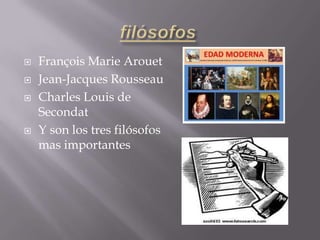 Este documento resume la información sobre tres importantes filósofos de la Ilustración: Voltaire, Rousseau y Montesquieu. Voltaire enfatizó el poder de la razón humana, Rousseau fue un escritor y filósofo franco-helvético, y Montesquieu fue un pensador político francés. Los filósofos protestaban contra los reyes con sus ideas para defender al pueblo.
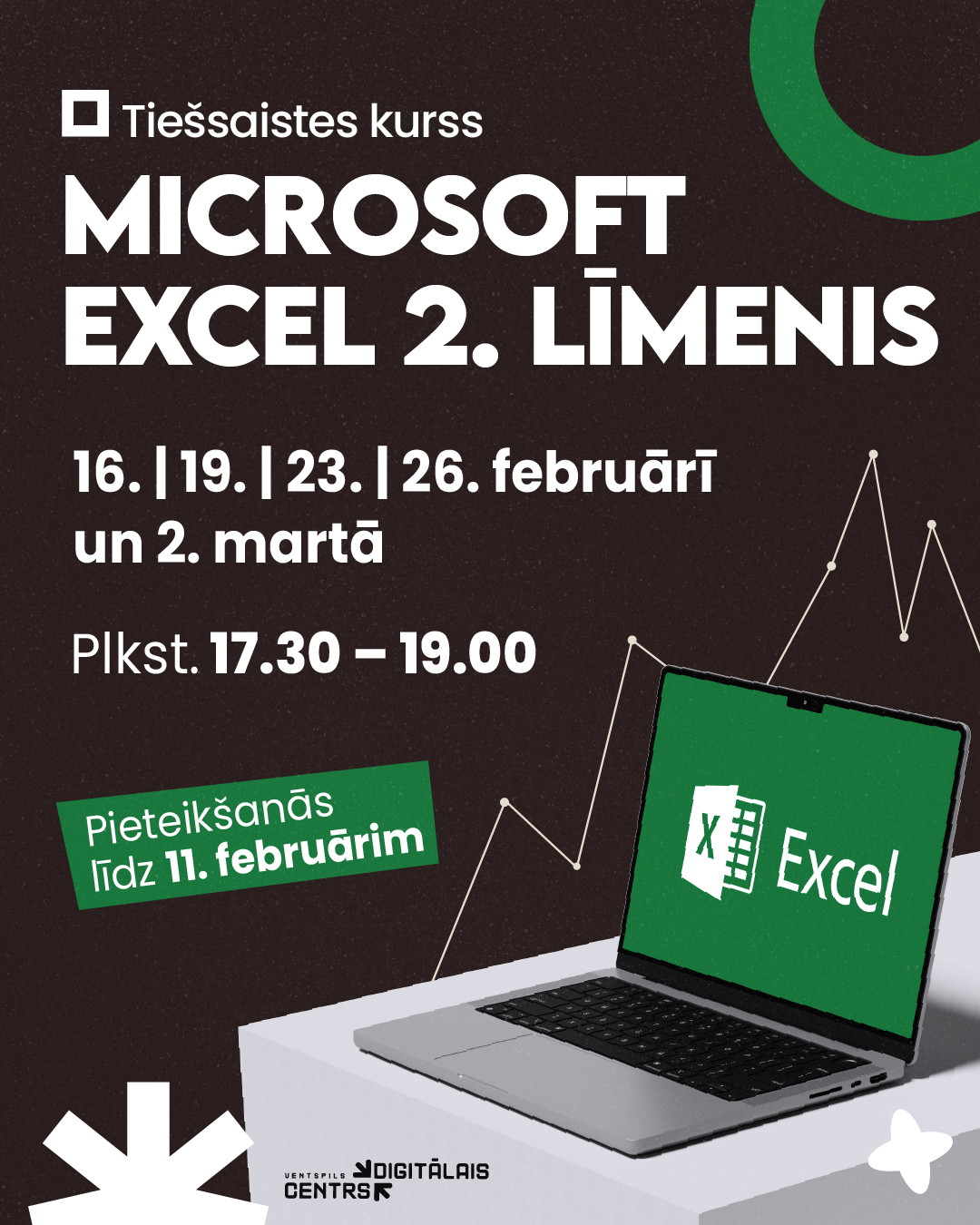 Mūsdienās prasme strādāt ar datiem ir nozīmīga gandrīz jebkurā profesijā, tāpēc Ventspils Digitālais centrs aicina piedalīties kursā, kur būs iespēja apgūt padziļinātas prasmes darbam ar programmatūru MS Excel. Kursa dalībnieki iepazīs dažādas funkcijas un formulas, apgūs efektīvu datu filtrēšanu, veidos diagrammas un strādās ar rakurstabulām. Iegūtās zināšanas palīdzēs strādāt pārliecinošāk un ietaupīt laiku ikdienas uzdevumos.
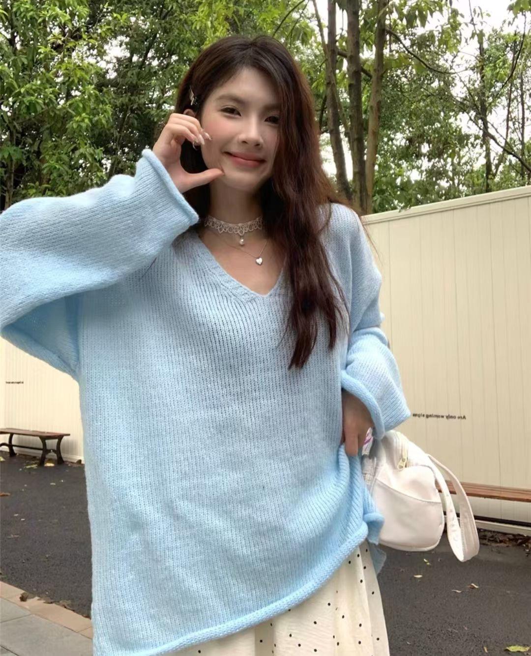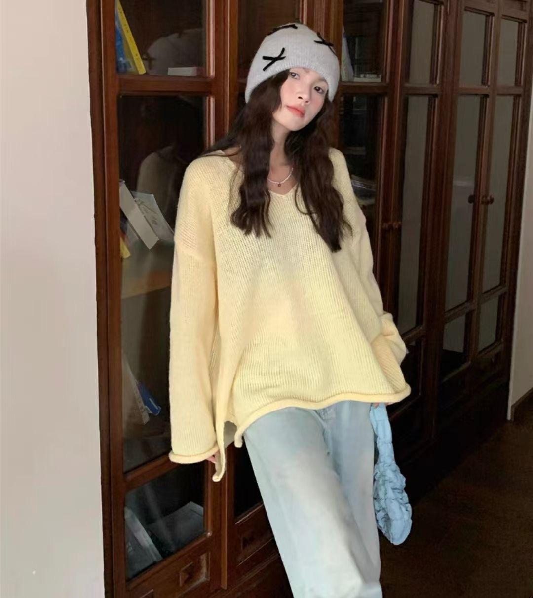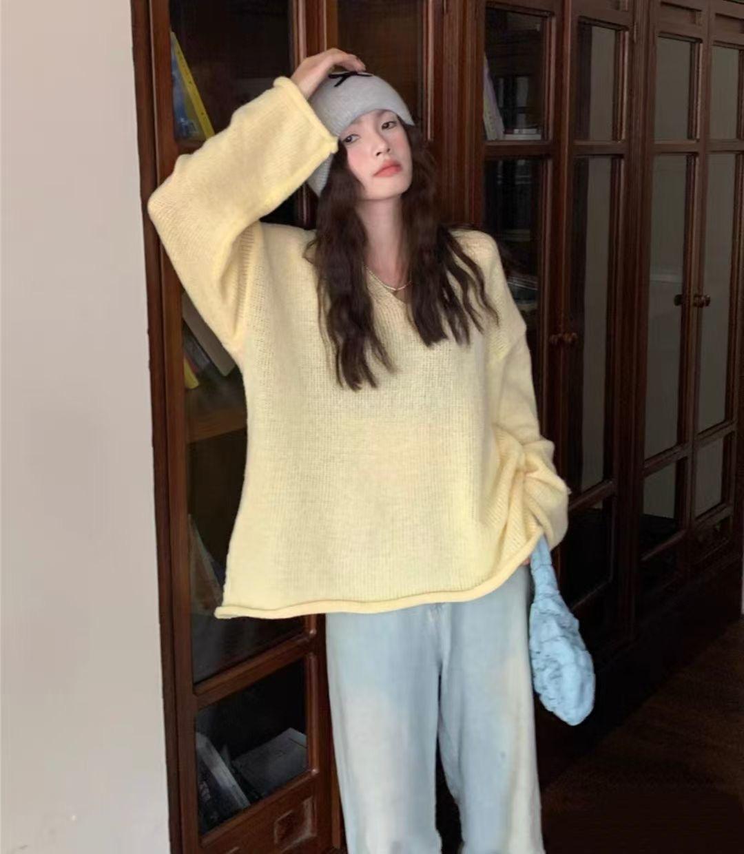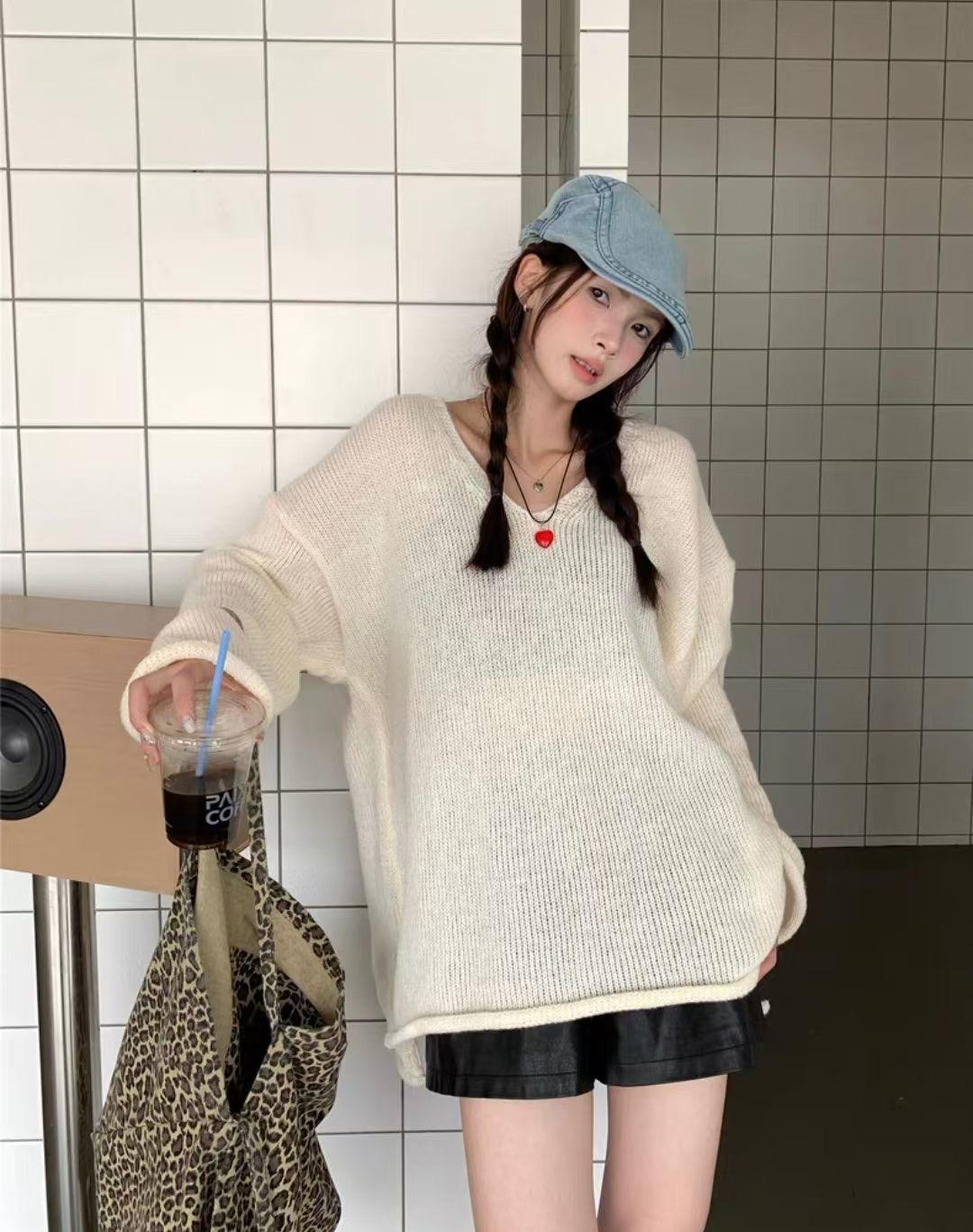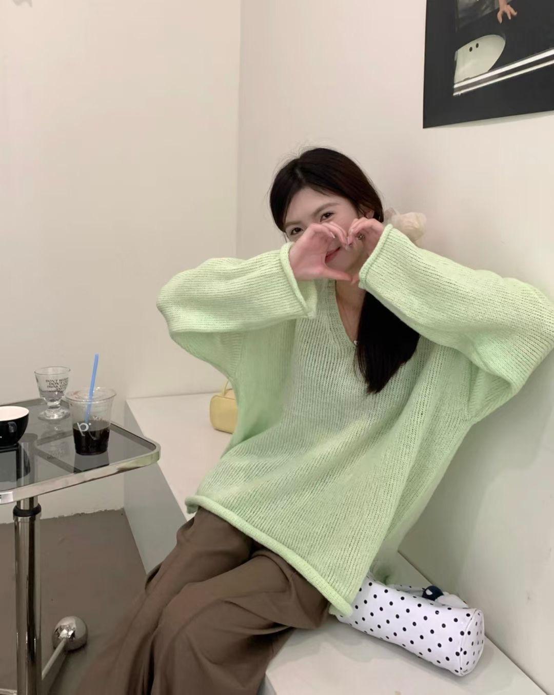 Suéter coreano de cuello en V, estilo holgado, fino, liso, 2025, combina con todo, tendencia 949
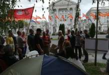 Вработени од ФЗЦ „11 Октомври“ на протест пред Владата
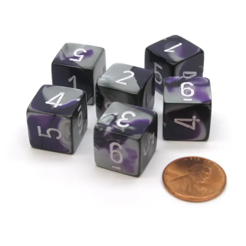 These 6-sided 15mm Gemini dice are numbered from one to six with numbers, not pips, and feel great in your hands. These dice are unique, good quality, and great for any dice game! Numbers are centered on each side and the 6 is underlined.

^^^^^^^^^^^^^^^^

◆ Task instructions
Using the listing above, restate exactly the range between the lines holding "Suéter coreano de" and "Вработени од ФЗЦ", inclusive, with pictures left out.

◆ Response to the exercise
 Suéter coreano de cuello en V, estilo holgado, fino, liso, 2025, combina con todo, tendencia 949
 Вработени од ФЗЦ „11 Октомври“ на протест пред Владата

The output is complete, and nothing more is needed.